Pascua Yaqui Tribe
Exercising jurisdiction since February 20, 2014.
Pilot Project Tribe
The Pascua Yaqui Tribe is located on a 2,200-acre reservation in southwest Arizona near Tucson, approximately 60 miles north of the U.S.-Mexico border. The Tribe has approximately 19,000 members, with 4-5,000 members living on the reservation. The most common household demographic on the reservation is single-mother households, which account for nearly 43 percent of all Pascua Yaqui households. According to the U.S. Census, the population of the Tribe’s reservation and off-reservation trust land is approximately 12.7 percent non-Indian. The Pascua Yaqui Tribe submitted its final Pilot Project Application Questionnaire to DOJ on December 30, 2013. The Tribe received approval to begin exercising SDVCJ on February 6, 2014, and jurisdiction went into effect on February 20, 2014. The Tribe immediately issued a press release and formal notice to the community regarding implementation of the new law. After the Pilot Project concluded, the Tribe released an Implementation Timeline and comprehensive Pilot Project Summary of SDVCJ implementation at Pascua Yaqui.

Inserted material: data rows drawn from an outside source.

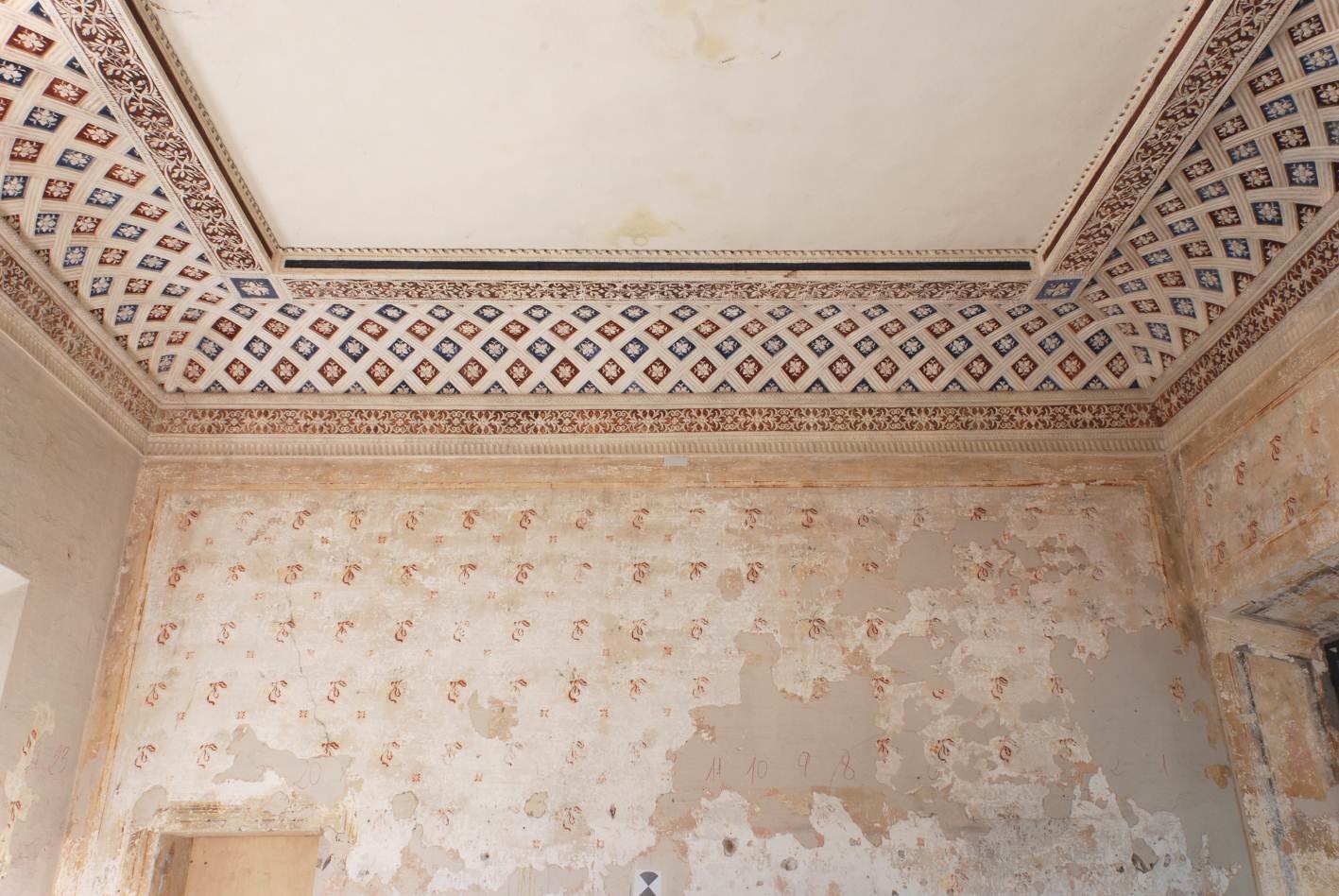 Nello specifico si procederà sugli intonaci, per riportare alla luce gli ornati sottostanti gli scialbi monocromi, operando con un accurato descialbo, ovvero rimozione dell’intonaco più recente, e un efficace consolidamento in profondità a mezzo di iniezioni di miscele a base di calce idraulica naturale. Le pareti intonacate della Camera grande e del Camerino degli uccelli presentano più strati di finiture a tempera e a calce, mettendo in luce un motivo decorativo a stencil ottocentesco. L’intonaco attualmente presenta significativi distacchi, rilevabili anche da terra, stuccature cementizie, lacune e fratture.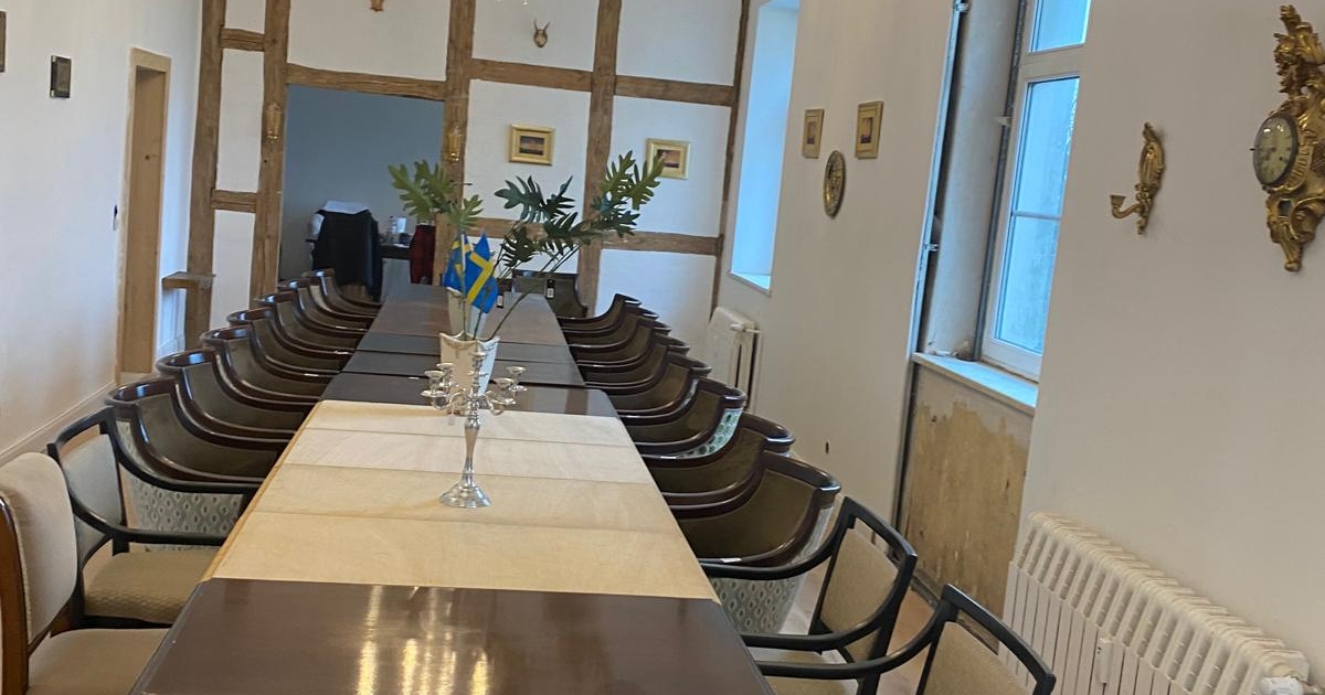 Der Clou des Gutshauses ist allerdings sein 70 m2 großer Saal, der zu Feierlichkeiten jeder Art, aber auch für Tagungen den Gästen zur Verfügung steht. Hier befindet sich auch ein grosser Fernseher.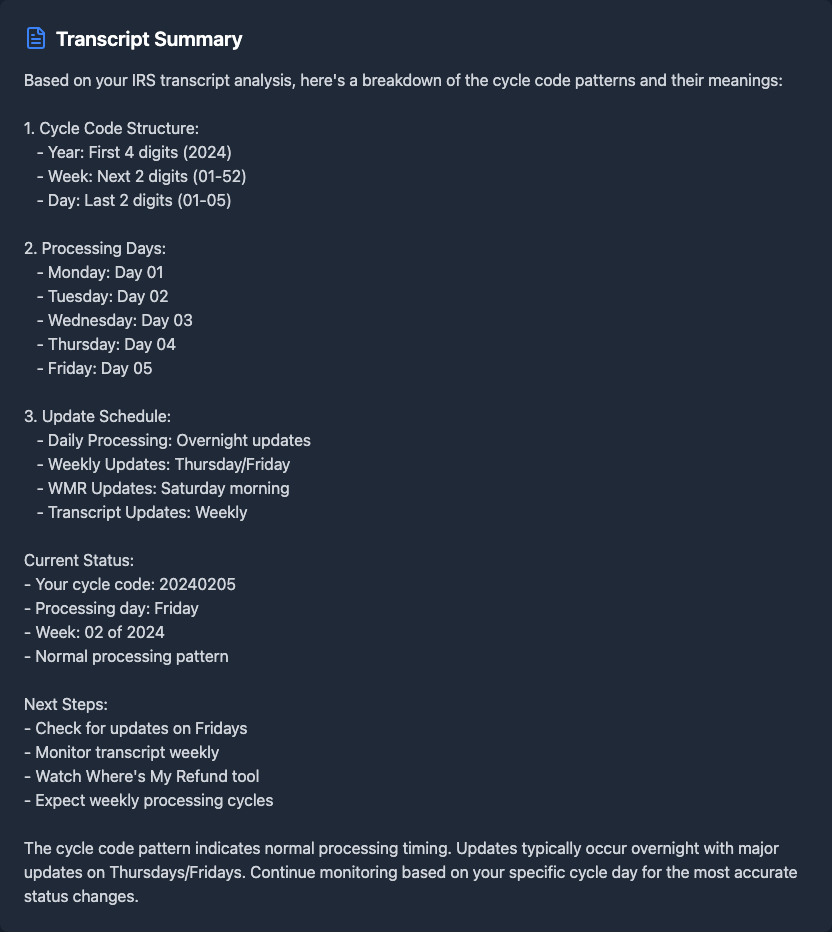 Tax pro here! Here's the cycle code breakdown: 05 is indeed Friday. 02 is Wednesday, 03 is Thursday, 01 is Tuesday, and 04 is Friday morning (rare). The first 4 digits show the year, next 2 are the week number. Example: 20231505 means 2023, week 15, Friday update.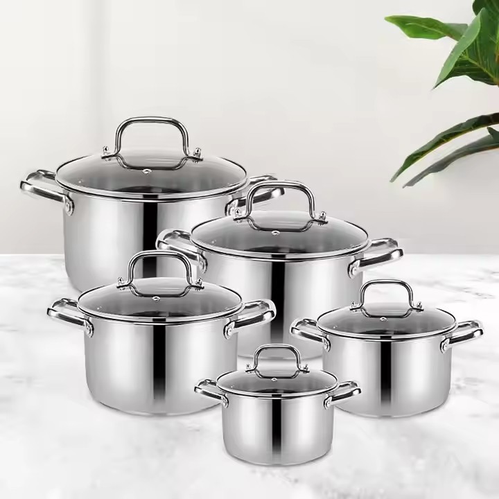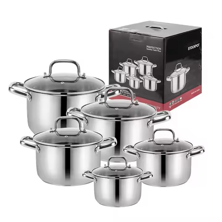 外贸热卖不锈钢12件套装锅活动礼品锅具 商用厨房汤锅10件套装锅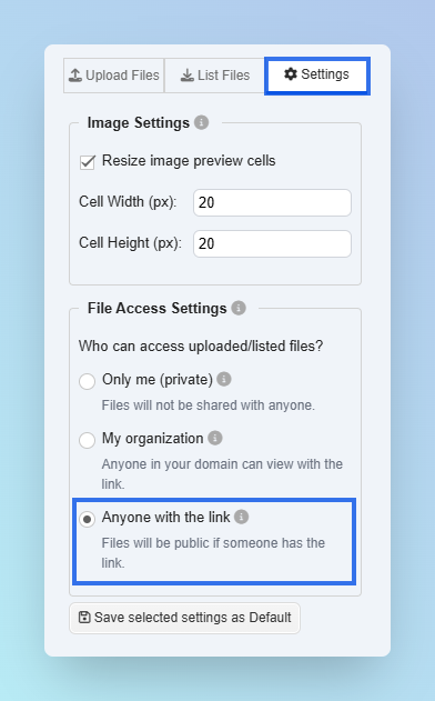 - Click Save Selected Settings as Default to keep these preferences for future uploads.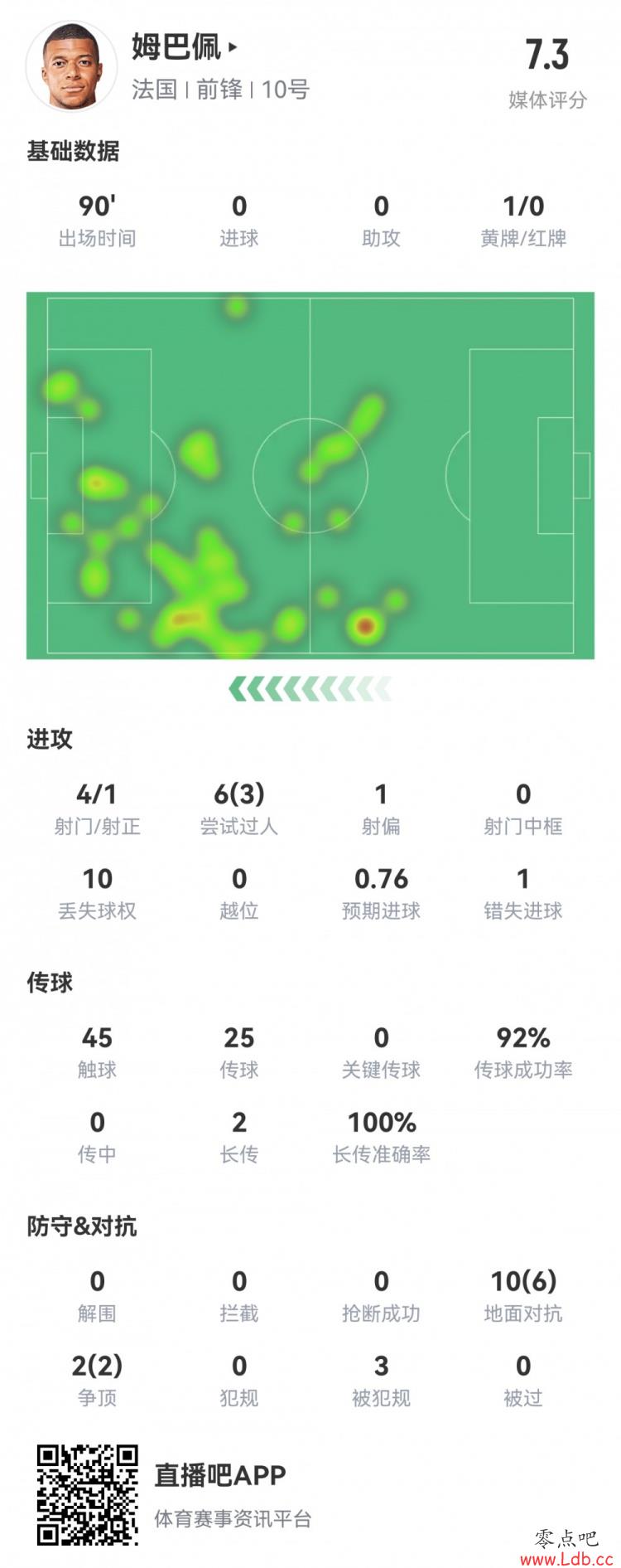 零点吧足球6月18日讯 正在进行的欧洲杯小组赛,法国1-0领先奥地利。此役姆巴佩首发90分钟造乌龙后伤退,球员全场重点数据如下↓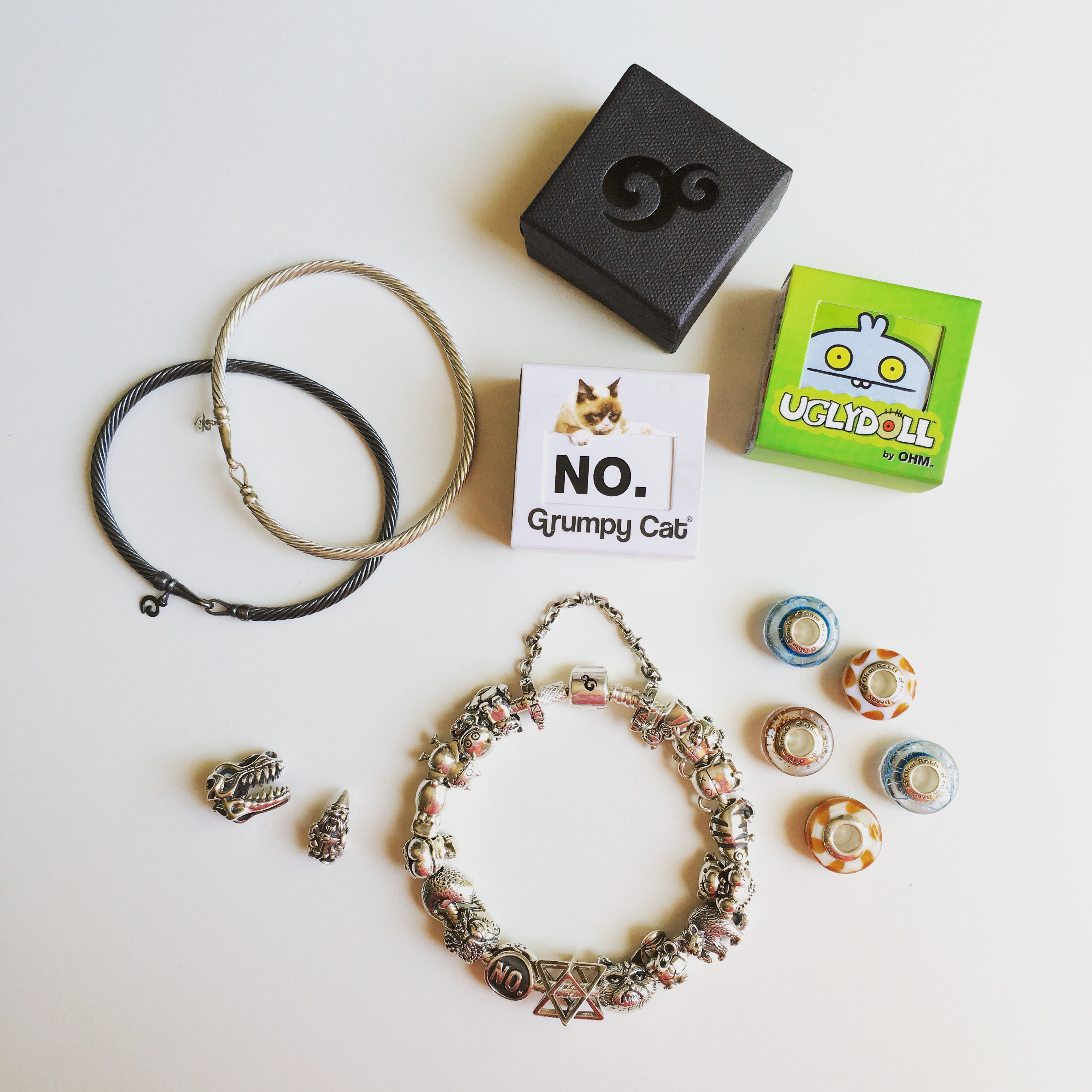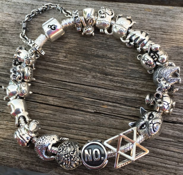 I think I’m going to keep this all silver Ohm Beads bracelet together for a while. I like the Merkaba as the focal point and then the Grumpy Cat beads, the Ugly Doll beads plus the others make for a fun bracelet.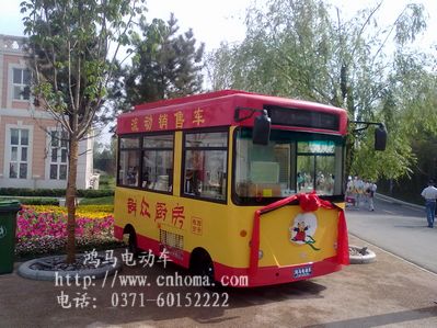 該車車身主題為黃色,車頂和底部為橙色,并且印有“流動(dòng)銷售車,群眾廚房”等字樣,再加上頭戴廚師帽的卡通人物形象,讓人感覺(jué)倍加親切。車的前后各有一塊LED顯示屏,可以使我們的廣告語(yǔ)或者宣傳口號(hào)循環(huán)展示。車的內(nèi)部布置合理,除了桌椅以外,還有空調(diào),貨架,櫥柜等等。放上商品,就是一個(gè)小型店鋪,最重要的是它可以隨時(shí)移動(dòng),比較靈活,更加適應(yīng)現(xiàn)代化快節(jié)奏的都市生活。行駛在大街上,宛如一道亮麗的風(fēng)景線。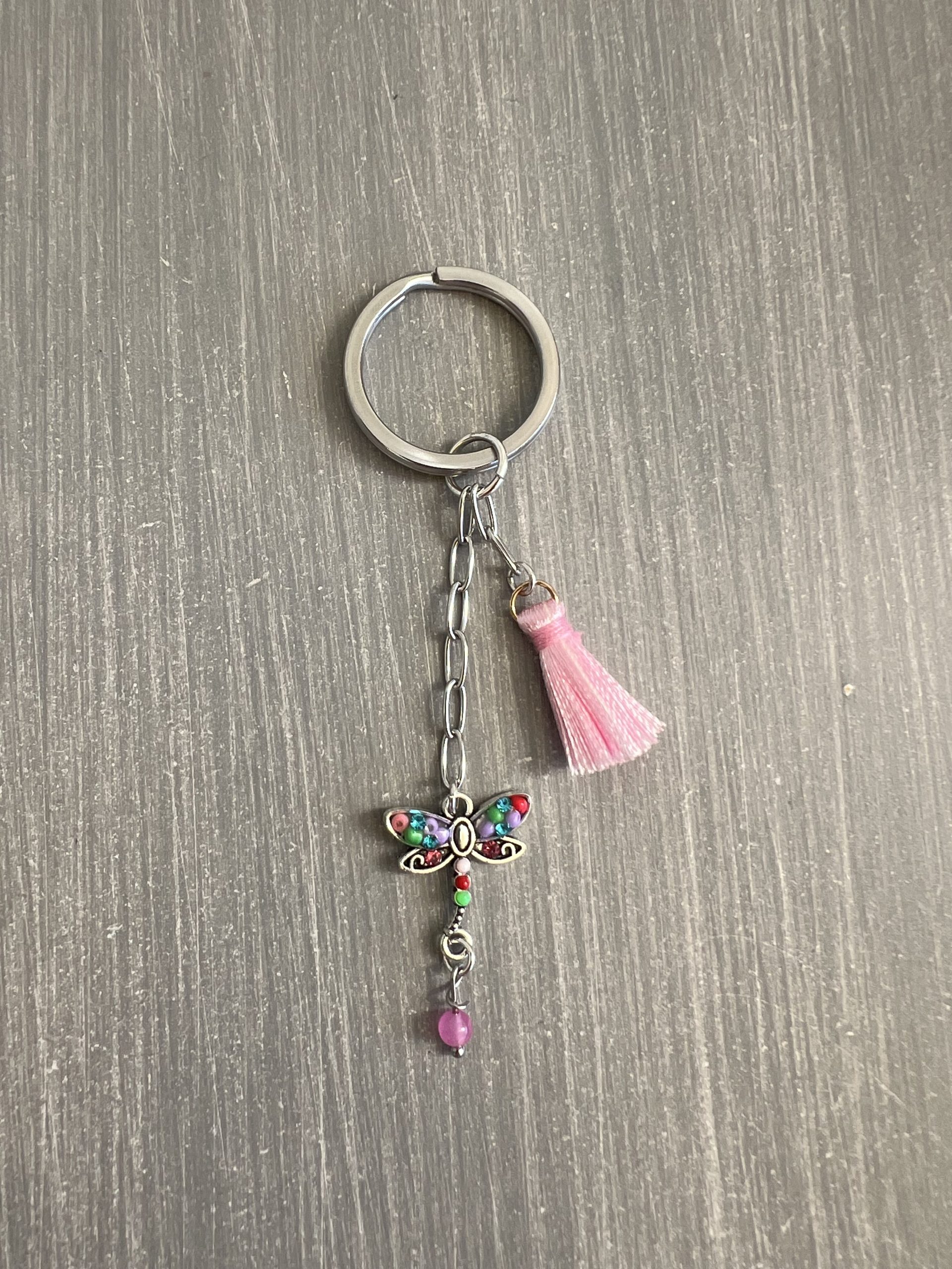 Μπρελόκ λιβελούλα με ροζ φούντα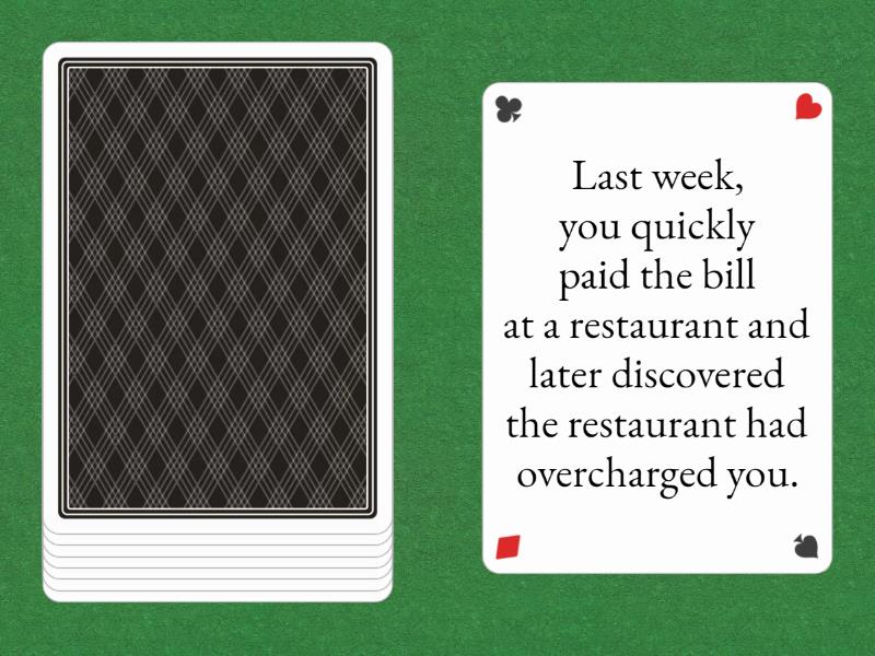 : Last week, you lost your passport at the airport and couldn't board the plane to go on holiday., Last week, you parked your car on the high street but didn't see the 'No parking' sign and received a parking fine., Last week, you injured your neck in a car accident because you weren't wearing a seatbelt., Last week, you took a taxi from the airport to the city centre. You found out later that the bus was a lot quicker and cheaper., Last week, you quickly paid the bill at a restaurant and later discovered the restaurant had overcharged you., Last week, you had a fight and got a black eye., Last week, you were invited to a party. At the party, you met your favourite actor., If you ________ your own name, what _______ yourself? (choose, call),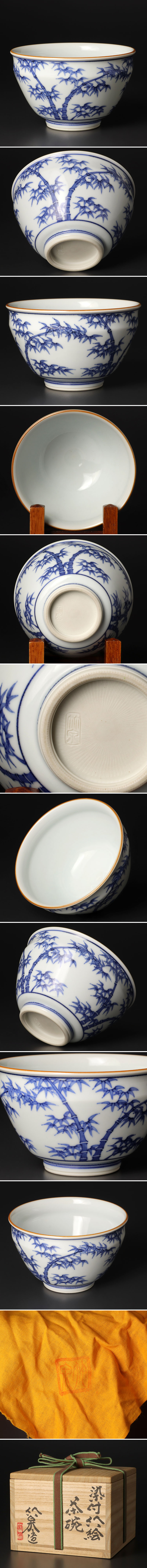 五代三浦竹泉造 染付竹絵 茶碗 茶道具 保証品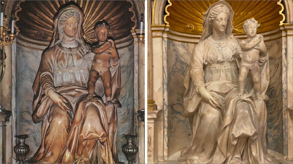 La scultura del Sansovino, oggetto da secoli di devozione per le partorienti, nel corso del tempo è stata continuamente toccata e si era macchiata con l’olio sacro presente nei lumini votivi. Il marmo prima del restauro risutava imbrunito, soprattutto nella figura di Gesù Bambino.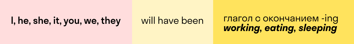 Чтобы правильно сформировать утвердительное предложения, в первую очередь нам потребуется подлежащее, после него идет will, затем have, be (неправильный глагол – been) и основной глагол в -ing форме.

The vast majority of criminal cases filed in the Pascua Yaqui Tribal Court are domestic-violence related offenses.Several of the Pascua Yaqui prosecutors are designated as Special Assistant United States Attorneys (SAUSAs), which allows them to also serve as prosecutors in federal court. The Tribe funds a full-fledged Public Defenders Office (originally opened in 1995) with four licensed defense attorneys who represent those accused of crimes. The Tribe also funds four private contracted defense attorneys for those cases where a conflict of interest exists. The Tribe has employed law-trained judges and recorded its court proceedings since long before VAWA 2013. Pascua Yaqui has the highest number of SDVCJ cases, and was the first tribe to have a jury trial.
The Pascua Yaqui Tribe received a $450,000 grant from OVW in 2018 to support the exercise of SDVCJ.